**YOUR ASSIGNMENT**
Transcribe each entry below exactly. Pictures do not go in the copy.

**SUPPLIED RECORDS**
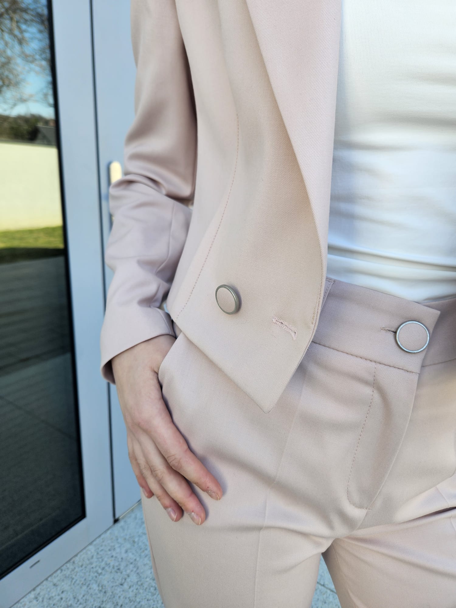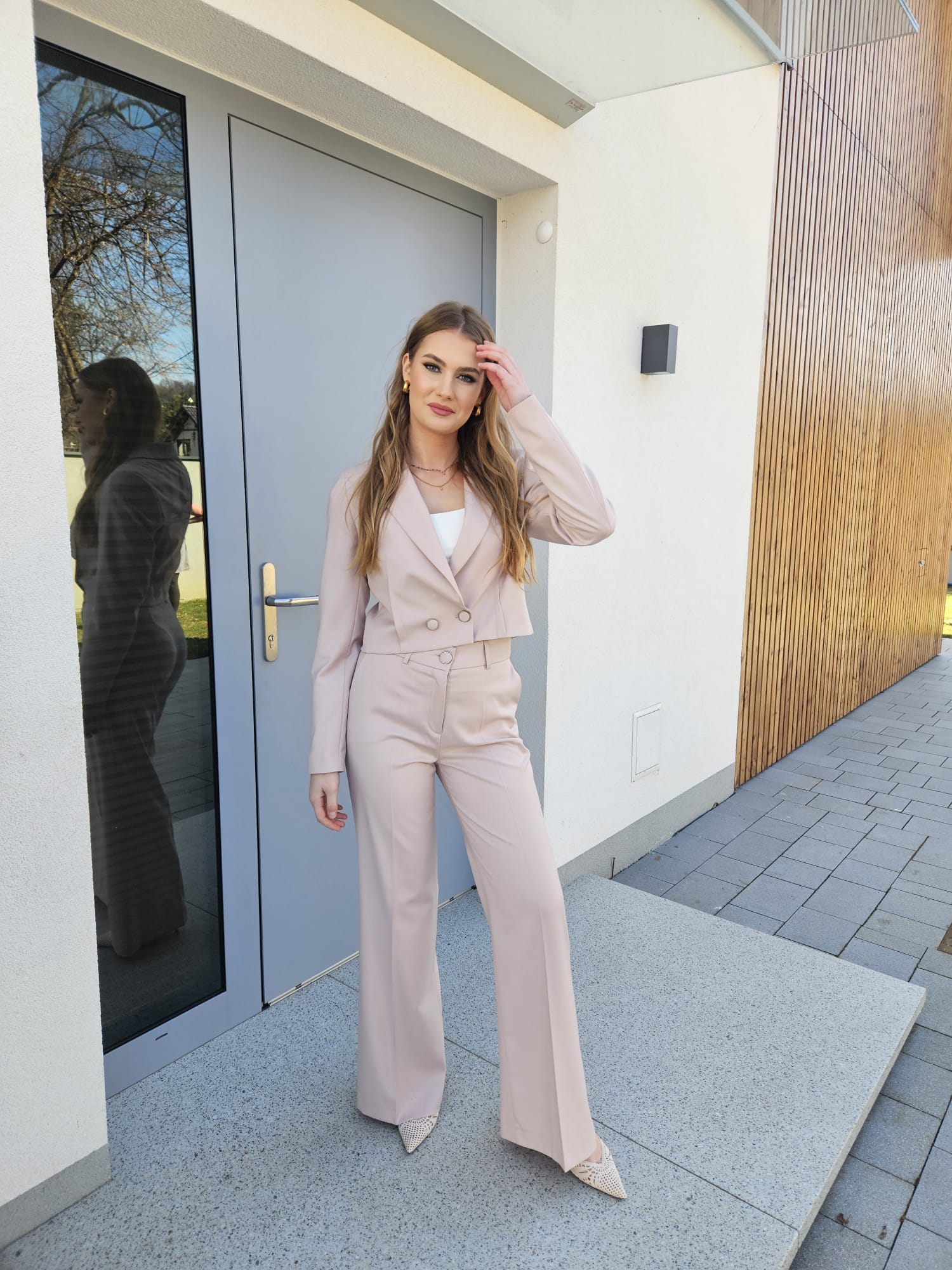 Elegancki żakiet damski o krótkim kroju w odcieniu pudrowego różu to esencja wyrafinowanego stylu i klasycznej elegancji. Uszyty z wysokogatunkowej tkaniny prezentuje się niezwykle szykownie i gustownie. Krótki fason kończący się w okolicach talii podkreśla sylwetkę i optycznie wydłuża nogi. Jego jasny odcień wprowadza świeżość do każdej stylizacji, pięknie podkreślając cerę i nadając całości lekkości. Żakiet jest zapinany na ozdobne guziki, które stanowią jego prawdziwą ozdobę. Starannie wykonane, z delikatnym połyskiem dodają mu luksusowego charakteru. Ten model żakietu doskonale komponuje się ze spodniami w tej samej kolorystyce tworząc nietuzinkowy komplet. Idealny na formalne spotkania, uroczyste okazje czy biznesowe wyjścia, doda każdej stylizacji szyku i elegancji.
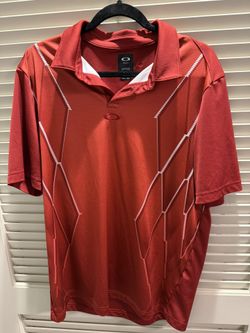 Oakley Polo Shirt Men's L Performance Center Logo O Red Abstract Geometric Golf$25Irvine, CA
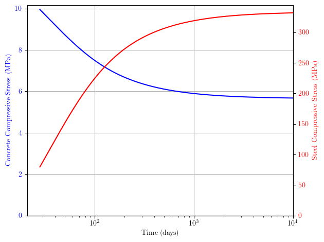 Either way, plotting the concrete and steel stress response, which you can record from the fibers, we see that as the concrete stress reduces due to creep, the steel compressive stress increases in order to maintain equilibrium with the sustained load. The concrete and steel compressive stresses at 10,000 days match the 5.8 MPa and 326 MPa values shown by Gilbert and Ranzi.
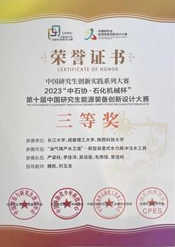 (通讯员 陈金建)9月15至17日,“中石协·石化机械杯”第十届中国研究生能源装备创新设计大赛全国总决赛在中国石油大学(华东)圆满落下帷幕。我院魏凯、刘玉龙老师指导的《“油气增产水之道”一新型自激式水力脉冲注水工具》项目获全国三等奖。
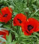 Papaver orientale 'Beauty of Livermere' bildet schalenförmige, scharlachrote Blüten ab Juni.
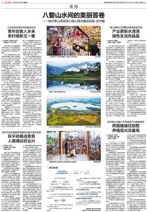 但浦江并未止步于水清岸绿。如何让好生态变成百姓口袋里的真金白银?浦阳江上游支流茜溪溪畔的新光村给出了答案。下午3时,该村“廿玖间里”创客空间主理人陈青松正忙着回复民宿订单,“以前环境差,村民都想往外搬;如今靠着门前这汪秀水,不少人都致了富。”作为浦江水晶加工“发源地”之一,新光村曾因污染严重没人愿住,如今不仅开出21家民宿、农家乐,去年全村的游客接待量达到60余万人次。“理念一转天地宽。”浦江县文旅局旅游科科长黄清清说,在水系密布的浦江,像新光村这样吃上“生态饭、旅游饭”的乡村还有不少。
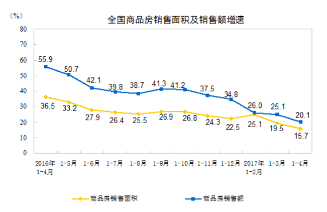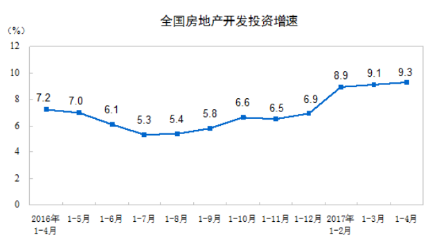 2017年1-4月份全國(guó)房地產(chǎn)開發(fā)投資和銷售情況
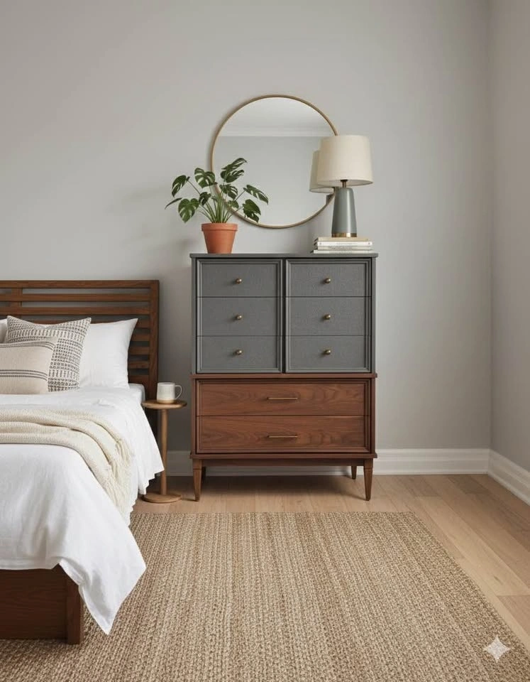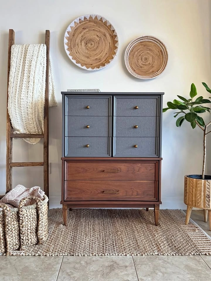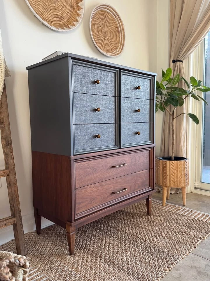 Professionally refinished vintage 5-drawer MCM dresser featuring solid dovetail joints. Reimagined with a reverse paint-dipped design in Iron Mountain—a soft black with subtle blue undertones. The upper drawers are accented with textured paper, adding depth and visual interest, while the lower portion was stripped and stained in a rich antique walnut. Finished with a durable protective seal. A beautifully functional piece in a versatile size—perfect for a bedroom, entryway, office, or anywhere you need stylish storage. Dimensions: 34” x 18” x 45.25” H. Pick Up: Brooklin (North Whitby) L1M1B7. Check out my Instagram or FB page for more of my work @greenbrushdesigns.
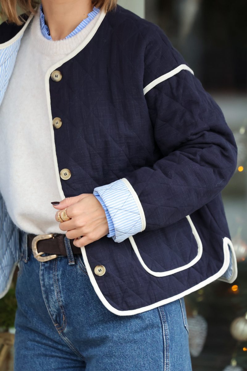 Chaqueta acolchada azul marino con botones y ribete en contraste. Cómoda, ligera y versátil, ideal para looks de entretiempo y otoño-invierno.
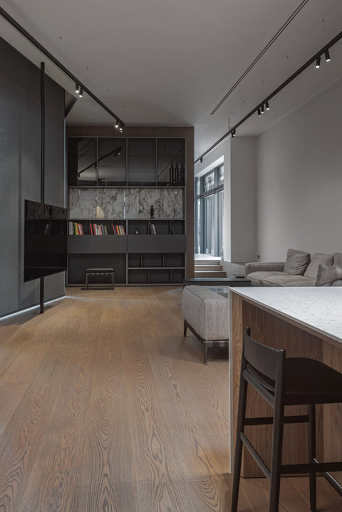 Naudotos medžiagos | Tonuoto ąžuolo lukštu faneruotas MDF, metalas, dažytas MDF, stiklas, veidrodis, nerūdijantis plienas, ąžuolo masyvas.
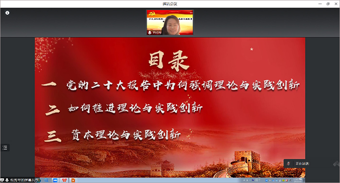 经济与金融党支部包秀琴老师围绕党的二十大报告中强调理论与实践创新的原因、意义以及如何推进理论和实践创新进行了详细阐述,并从资本理论与实践创新视角结合经济学理论,分析了实现资本理论和实践创新要做到了“七个坚持”。
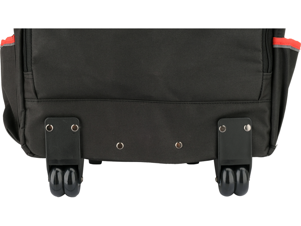 Izmēri 35 x 27,5 x 50,5 cm nodrošina telpu, lai droši izvietotu elektroinstrumentus, piederumus un sīklietas montāžai. Stabila konstrukcija ar sieniņām, āķiem un aizveramām kabatām palīdz saglabāt kārtību un aizsargā iekārtu no bojājumiem transportēšanas laikā.
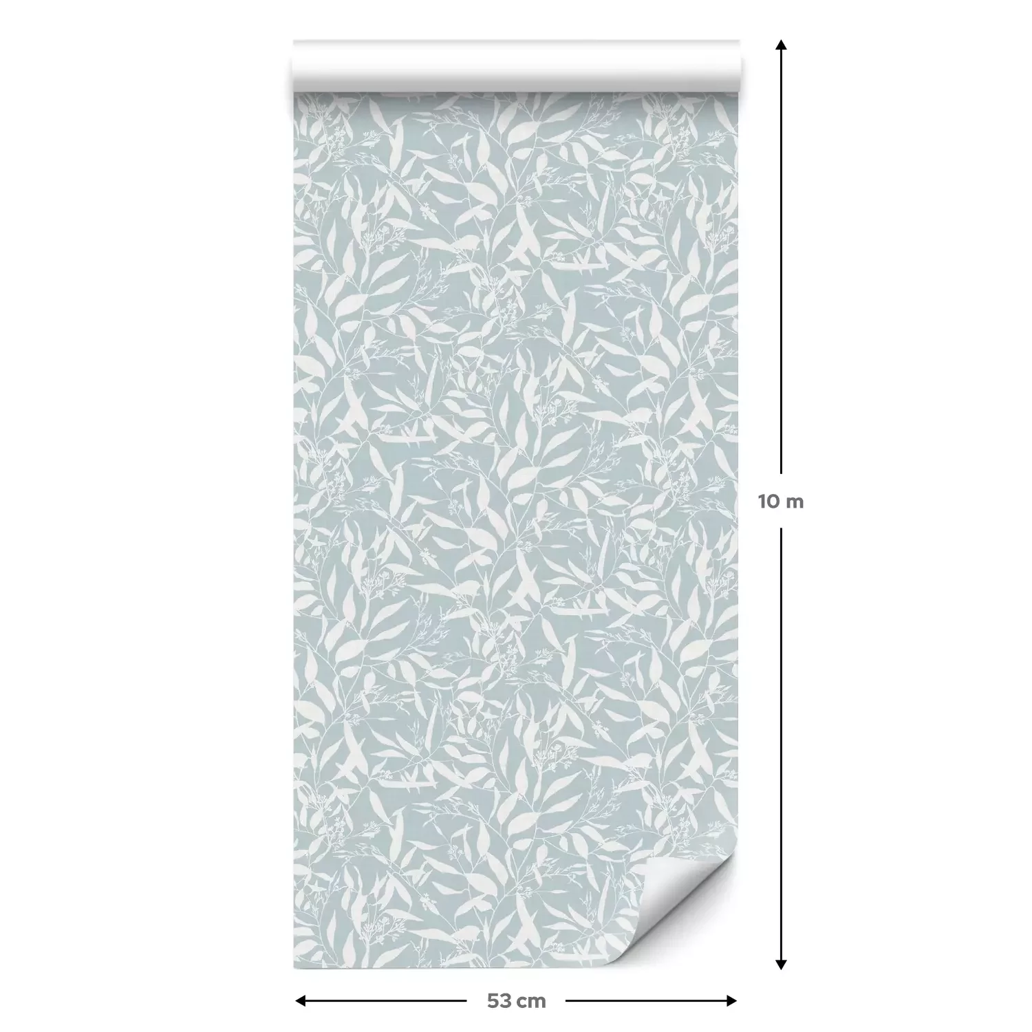 Eine Standard-Tapetenrolle hat die Maße 0,53 m x 10 m und deckt eine Wandfläche von etwa 5 m² ab.
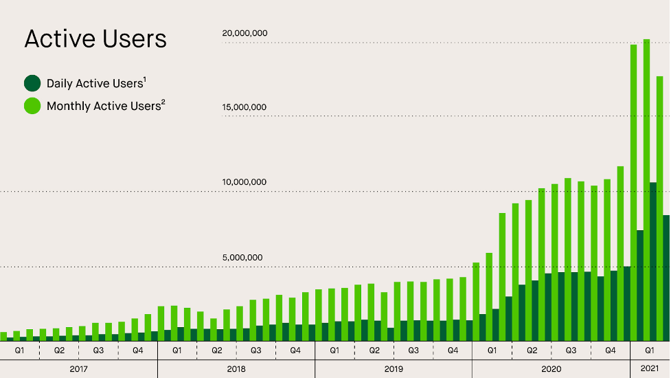 Robinhood created its app with the intention of ‘democratizing finance for all’, and it’s clear that the platform has resonated with retail investors – with around 20 million monthly active users recorded at the beginning of 2021.
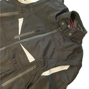 Stay stylish and protected with this sleek black motorcycle jacket. Designed for comfort and durability, it's perfect for any ride. I believe it was purchased as men’s but it could be for any gender! Elbows are reinforced.
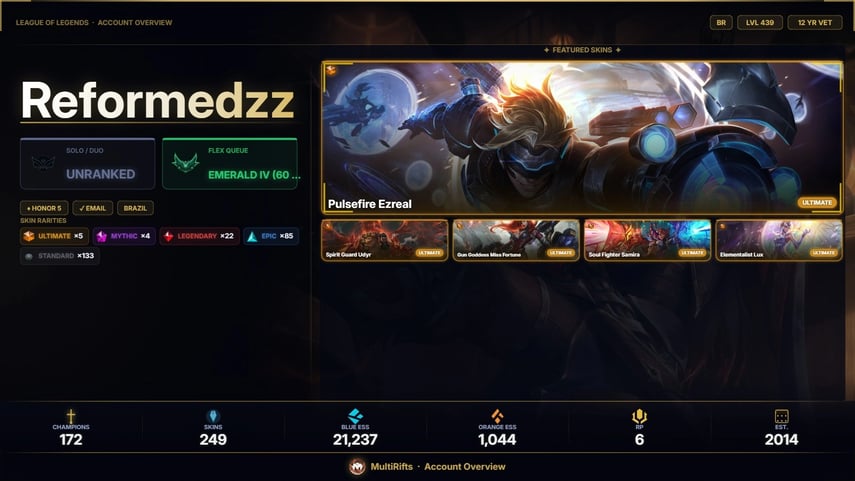 ![[TRANSFERABLE] [TR] 🎖️✨ ELEMENTALIST LUX 💎⚔️ GUN GODDESS MISS FORTUNE 🗺️📍 DJ SONA 🧙⭐ PULSEFIRE EZREAL 🌌💎 ALL CHAMPIONS 🛡️🎮 777 Skins 🎟️🌟 104,900 BE 📊🏹 100 RP 🎁🛡️ Premium LoL Account for Sale](https://cdn.gameboost.com/games/league-of-legends/tiers/sm/Master.webp)

**TASK OUTPUT**
 Elegancki żakiet damski o krótkim kroju w odcieniu pudrowego różu to esencja wyrafinowanego stylu i klasycznej elegancji. Uszyty z wysokogatunkowej tkaniny prezentuje się niezwykle szykownie i gustownie. Krótki fason kończący się w okolicach talii podkreśla sylwetkę i optycznie wydłuża nogi. Jego jasny odcień wprowadza świeżość do każdej stylizacji, pięknie podkreślając cerę i nadając całości lekkości. Żakiet jest zapinany na ozdobne guziki, które stanowią jego prawdziwą ozdobę. Starannie wykonane, z delikatnym połyskiem dodają mu luksusowego charakteru. Ten model żakietu doskonale komponuje się ze spodniami w tej samej kolorystyce tworząc nietuzinkowy komplet. Idealny na formalne spotkania, uroczyste okazje czy biznesowe wyjścia, doda każdej stylizacji szyku i elegancji.
 Oakley Polo Shirt Men's L Performance Center Logo O Red Abstract Geometric Golf$25Irvine, CA
 Either way, plotting the concrete and steel stress response, which you can record from the fibers, we see that as the concrete stress reduces due to creep, the steel compressive stress increases in order to maintain equilibrium with the sustained load. The concrete and steel compressive stresses at 10,000 days match the 5.8 MPa and 326 MPa values shown by Gilbert and Ranzi.
 (通讯员 陈金建)9月15至17日,“中石协·石化机械杯”第十届中国研究生能源装备创新设计大赛全国总决赛在中国石油大学(华东)圆满落下帷幕。我院魏凯、刘玉龙老师指导的《“油气增产水之道”一新型自激式水力脉冲注水工具》项目获全国三等奖。
 Papaver orientale 'Beauty of Livermere' bildet schalenförmige, scharlachrote Blüten ab Juni.
 但浦江并未止步于水清岸绿。如何让好生态变成百姓口袋里的真金白银?浦阳江上游支流茜溪溪畔的新光村给出了答案。下午3时,该村“廿玖间里”创客空间主理人陈青松正忙着回复民宿订单,“以前环境差,村民都想往外搬;如今靠着门前这汪秀水,不少人都致了富。”作为浦江水晶加工“发源地”之一,新光村曾因污染严重没人愿住,如今不仅开出21家民宿、农家乐,去年全村的游客接待量达到60余万人次。“理念一转天地宽。”浦江县文旅局旅游科科长黄清清说,在水系密布的浦江,像新光村这样吃上“生态饭、旅游饭”的乡村还有不少。
 2017年1-4月份全國(guó)房地產(chǎn)開發(fā)投資和銷售情況
 Professionally refinished vintage 5-drawer MCM dresser featuring solid dovetail joints. Reimagined with a reverse paint-dipped design in Iron Mountain—a soft black with subtle blue undertones. The upper drawers are accented with textured paper, adding depth and visual interest, while the lower portion was stripped and stained in a rich antique walnut. Finished with a durable protective seal. A beautifully functional piece in a versatile size—perfect for a bedroom, entryway, office, or anywhere you need stylish storage. Dimensions: 34” x 18” x 45.25” H. Pick Up: Brooklin (North Whitby) L1M1B7. Check out my Instagram or FB page for more of my work @greenbrushdesigns.
 Chaqueta acolchada azul marino con botones y ribete en contraste. Cómoda, ligera y versátil, ideal para looks de entretiempo y otoño-invierno.
 Naudotos medžiagos | Tonuoto ąžuolo lukštu faneruotas MDF, metalas, dažytas MDF, stiklas, veidrodis, nerūdijantis plienas, ąžuolo masyvas.
 经济与金融党支部包秀琴老师围绕党的二十大报告中强调理论与实践创新的原因、意义以及如何推进理论和实践创新进行了详细阐述,并从资本理论与实践创新视角结合经济学理论,分析了实现资本理论和实践创新要做到了“七个坚持”。
 Izmēri 35 x 27,5 x 50,5 cm nodrošina telpu, lai droši izvietotu elektroinstrumentus, piederumus un sīklietas montāžai. Stabila konstrukcija ar sieniņām, āķiem un aizveramām kabatām palīdz saglabāt kārtību un aizsargā iekārtu no bojājumiem transportēšanas laikā.
 Eine Standard-Tapetenrolle hat die Maße 0,53 m x 10 m und deckt eine Wandfläche von etwa 5 m² ab.
 Robinhood created its app with the intention of ‘democratizing finance for all’, and it’s clear that the platform has resonated with retail investors – with around 20 million monthly active users recorded at the beginning of 2021.
 Stay stylish and protected with this sleek black motorcycle jacket. Designed for comfort and durability, it's perfect for any ride. I believe it was purchased as men’s but it could be for any gender! Elbows are reinforced.
 ![[TRANSFERABLE] [TR] 🎖️✨ ELEMENTALIST LUX 💎⚔️ GUN GODDESS MISS FORTUNE 🗺️📍 DJ SONA 🧙⭐ PULSEFIRE EZREAL 🌌💎 ALL CHAMPIONS 🛡️🎮 777 Skins 🎟️🌟 104,900 BE 📊🏹 100 RP 🎁🛡️ Premium LoL Account for Sale](https://cdn.gameboost.com/games/league-of-legends/tiers/sm/Master.webp)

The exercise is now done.